SOURCE MATERIAL ::
# # # #

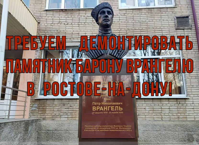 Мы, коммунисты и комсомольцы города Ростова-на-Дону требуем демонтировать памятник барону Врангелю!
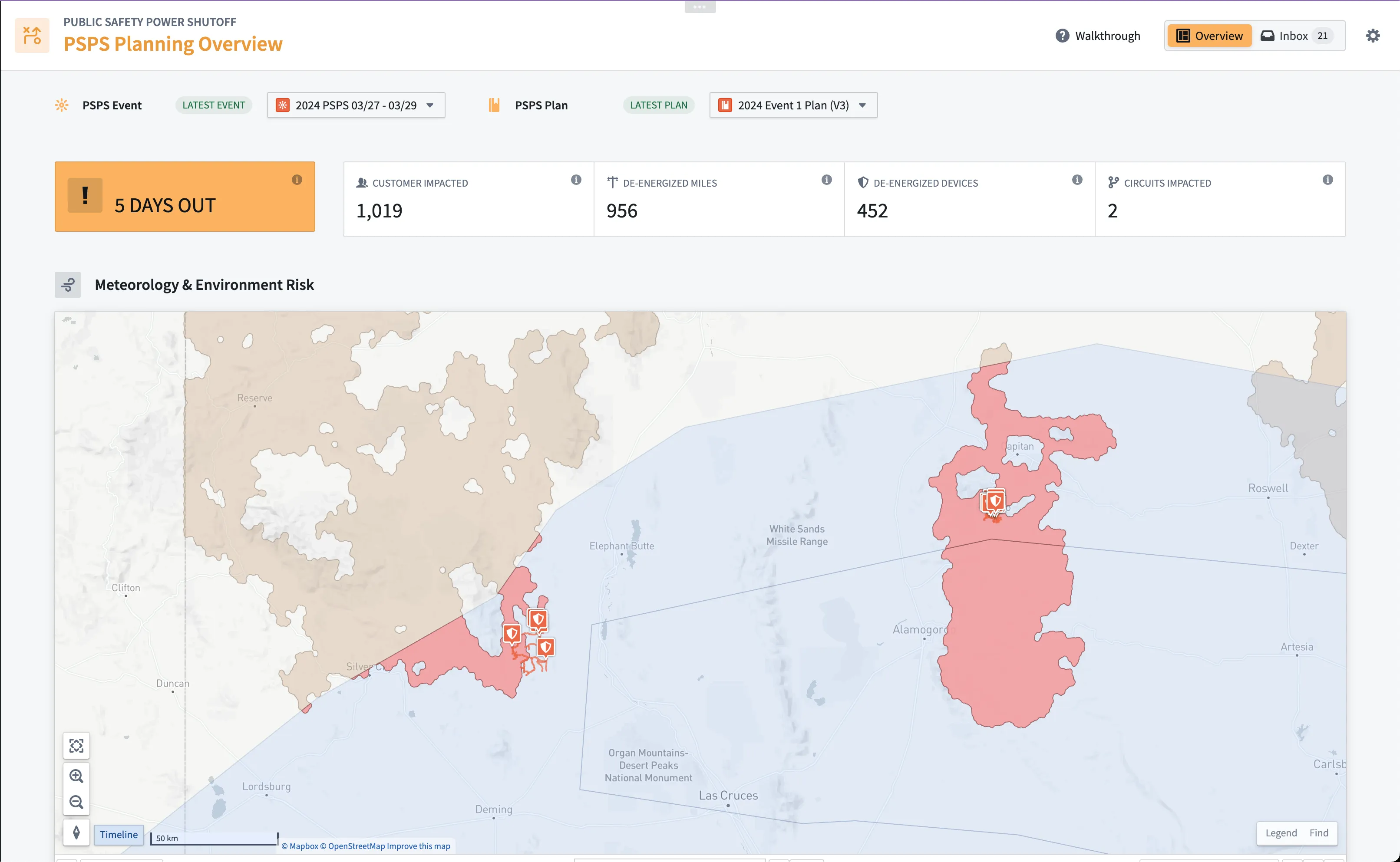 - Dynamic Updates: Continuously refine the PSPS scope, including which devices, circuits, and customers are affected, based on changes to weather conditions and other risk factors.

# # # #

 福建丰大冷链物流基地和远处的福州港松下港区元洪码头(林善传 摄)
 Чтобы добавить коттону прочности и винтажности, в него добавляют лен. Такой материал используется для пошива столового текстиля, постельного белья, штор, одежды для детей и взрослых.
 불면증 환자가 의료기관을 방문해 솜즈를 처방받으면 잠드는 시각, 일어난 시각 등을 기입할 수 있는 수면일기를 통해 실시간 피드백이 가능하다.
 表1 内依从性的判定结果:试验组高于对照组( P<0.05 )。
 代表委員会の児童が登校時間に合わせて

# # # #

WHAT TO PRODUCE :: Every line above between the one containing "Мы, коммунисты и" and the one containing "- Dynamic Updates: Continuously", those two included, is to be printed exactly. No pictures go into the copy.

COMPLETED EXERCISE ::
 Мы, коммунисты и комсомольцы города Ростова-на-Дону требуем демонтировать памятник барону Врангелю!
 - Dynamic Updates: Continuously refine the PSPS scope, including which devices, circuits, and customers are affected, based on changes to weather conditions and other risk factors.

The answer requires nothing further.